▶ [EXERCISE GOAL] A word-for-word copy of all entries is required, without images.

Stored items
····················
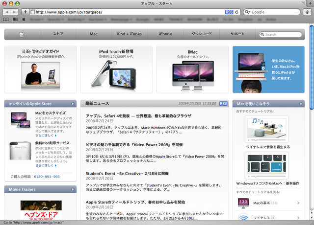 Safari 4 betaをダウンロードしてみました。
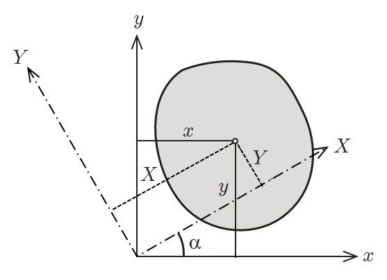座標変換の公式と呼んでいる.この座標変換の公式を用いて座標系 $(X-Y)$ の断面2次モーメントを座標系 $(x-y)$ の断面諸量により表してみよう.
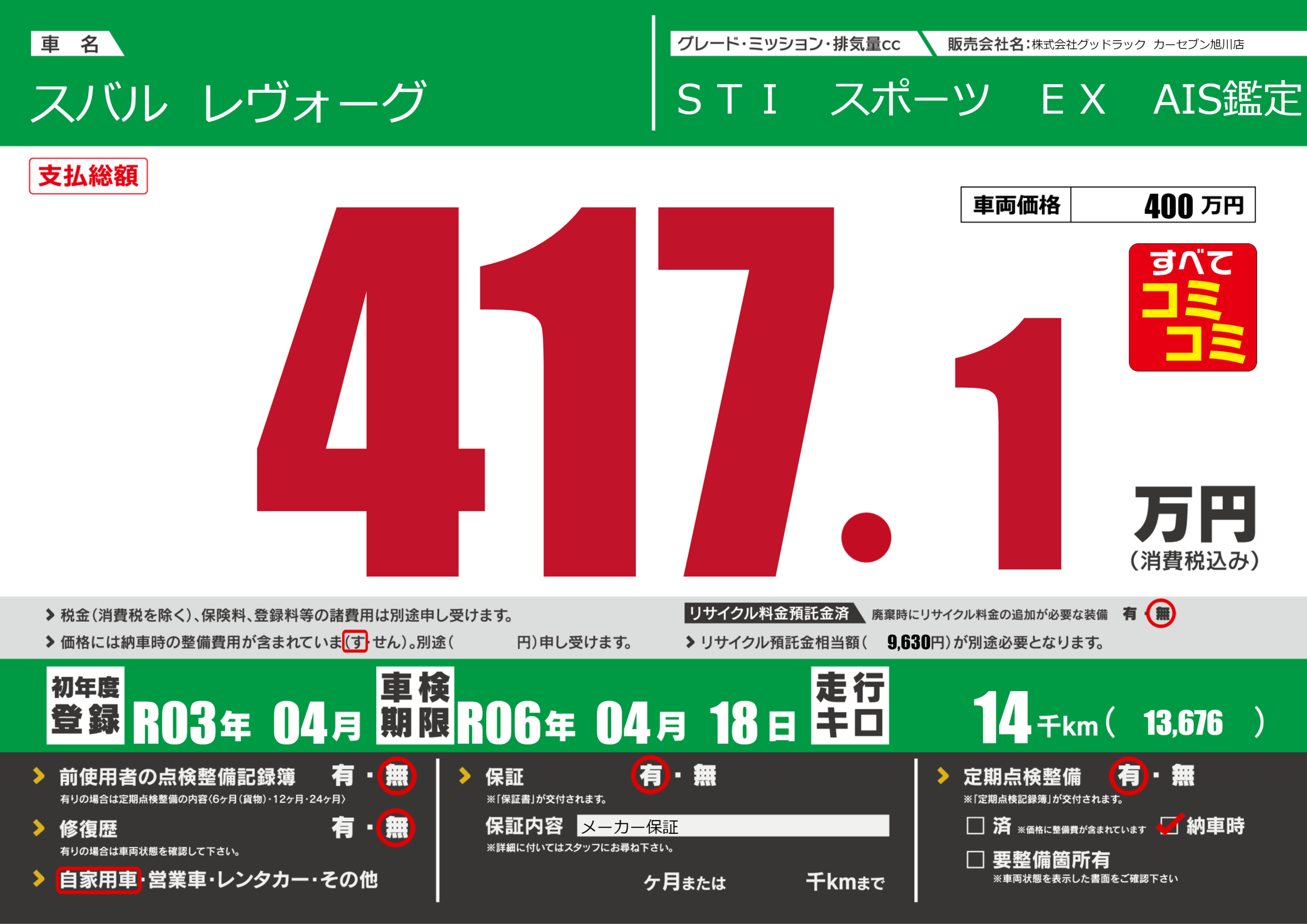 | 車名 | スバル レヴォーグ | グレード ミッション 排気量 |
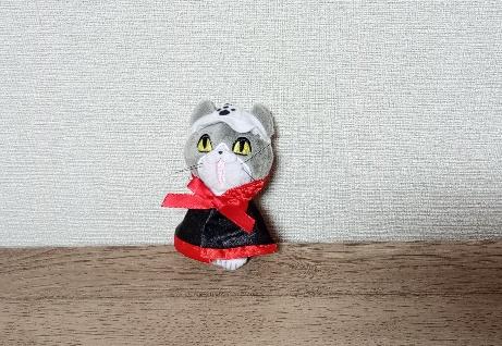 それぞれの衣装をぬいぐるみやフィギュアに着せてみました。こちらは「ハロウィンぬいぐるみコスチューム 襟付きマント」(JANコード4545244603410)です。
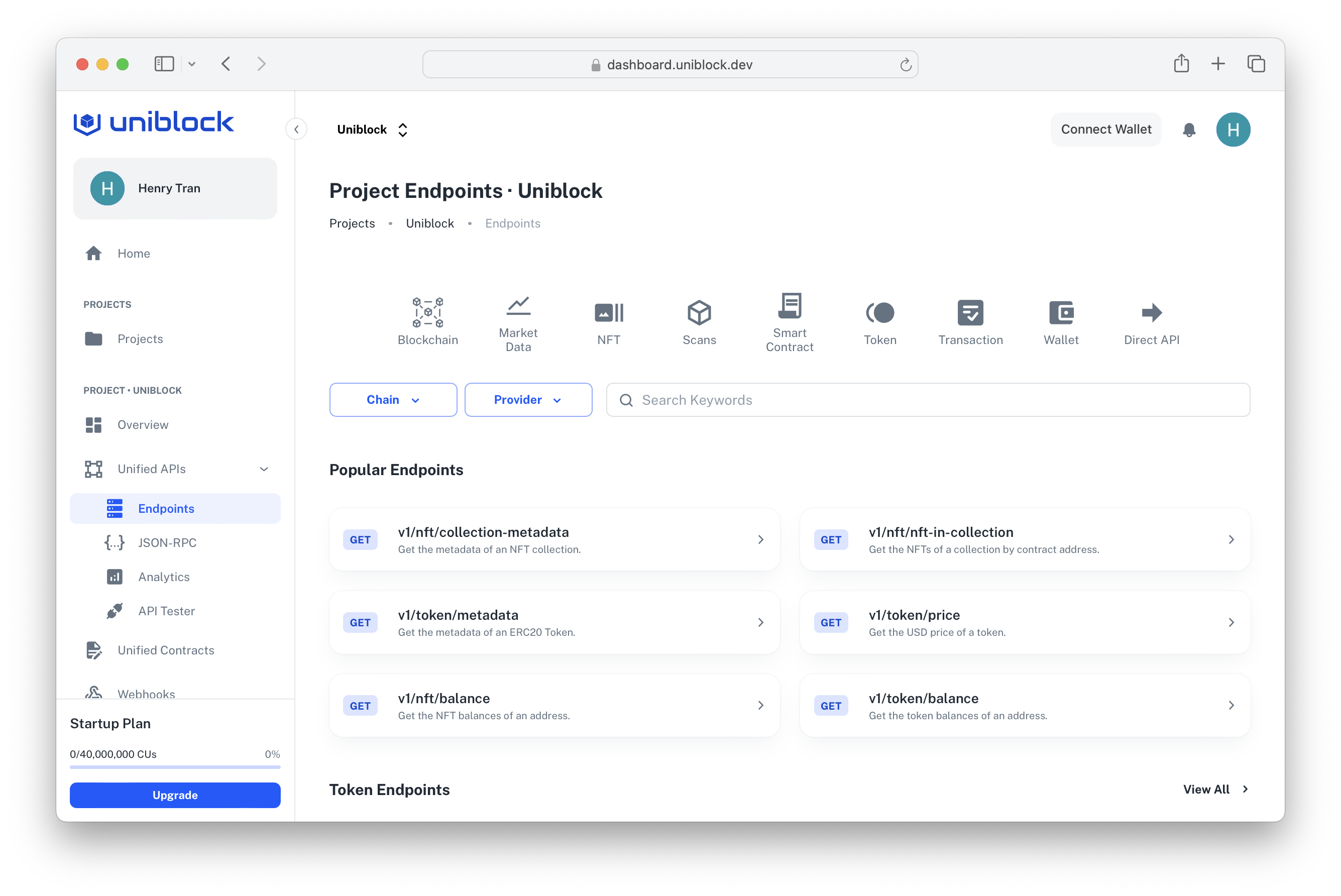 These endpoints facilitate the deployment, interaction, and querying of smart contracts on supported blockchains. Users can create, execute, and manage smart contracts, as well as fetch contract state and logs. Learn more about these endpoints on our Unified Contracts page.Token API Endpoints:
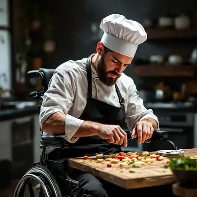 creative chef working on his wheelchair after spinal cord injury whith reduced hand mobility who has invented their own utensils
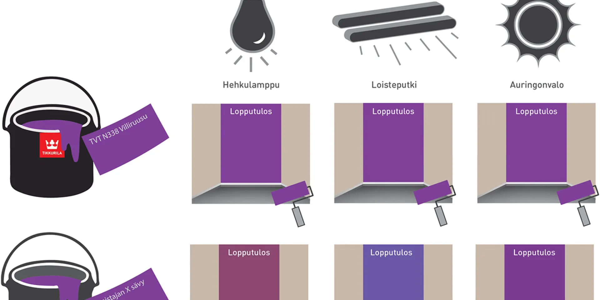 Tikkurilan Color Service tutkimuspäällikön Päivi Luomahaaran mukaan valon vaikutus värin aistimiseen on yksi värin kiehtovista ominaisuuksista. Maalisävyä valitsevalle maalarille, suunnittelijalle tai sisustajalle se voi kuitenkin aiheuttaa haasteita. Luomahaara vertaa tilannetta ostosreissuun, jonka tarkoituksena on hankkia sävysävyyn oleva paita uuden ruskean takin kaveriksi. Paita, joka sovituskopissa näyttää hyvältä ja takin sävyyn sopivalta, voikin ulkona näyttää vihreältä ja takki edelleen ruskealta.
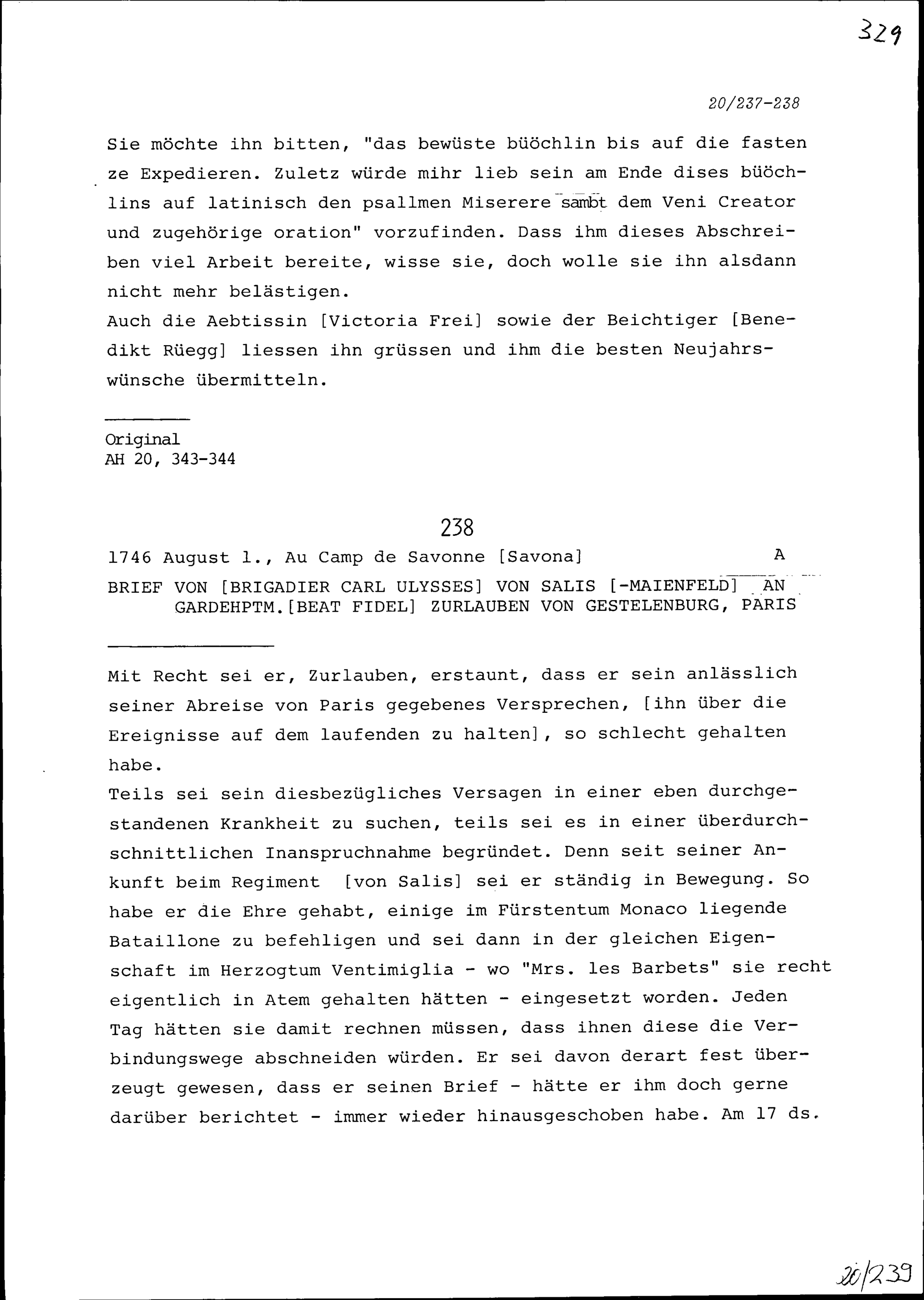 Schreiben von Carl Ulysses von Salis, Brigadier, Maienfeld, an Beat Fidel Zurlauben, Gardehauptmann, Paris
····················
▶ [OUTPUT]
 Safari 4 betaをダウンロードしてみました。
座標変換の公式と呼んでいる.この座標変換の公式を用いて座標系 $(X-Y)$ の断面2次モーメントを座標系 $(x-y)$ の断面諸量により表してみよう.
 | 車名 | スバル レヴォーグ | グレード ミッション 排気量 |
 それぞれの衣装をぬいぐるみやフィギュアに着せてみました。こちらは「ハロウィンぬいぐるみコスチューム 襟付きマント」(JANコード4545244603410)です。
 These endpoints facilitate the deployment, interaction, and querying of smart contracts on supported blockchains. Users can create, execute, and manage smart contracts, as well as fetch contract state and logs. Learn more about these endpoints on our Unified Contracts page.Token API Endpoints:
 creative chef working on his wheelchair after spinal cord injury whith reduced hand mobility who has invented their own utensils
 Tikkurilan Color Service tutkimuspäällikön Päivi Luomahaaran mukaan valon vaikutus värin aistimiseen on yksi värin kiehtovista ominaisuuksista. Maalisävyä valitsevalle maalarille, suunnittelijalle tai sisustajalle se voi kuitenkin aiheuttaa haasteita. Luomahaara vertaa tilannetta ostosreissuun, jonka tarkoituksena on hankkia sävysävyyn oleva paita uuden ruskean takin kaveriksi. Paita, joka sovituskopissa näyttää hyvältä ja takin sävyyn sopivalta, voikin ulkona näyttää vihreältä ja takki edelleen ruskealta.
 Schreiben von Carl Ulysses von Salis, Brigadier, Maienfeld, an Beat Fidel Zurlauben, Gardehauptmann, Paris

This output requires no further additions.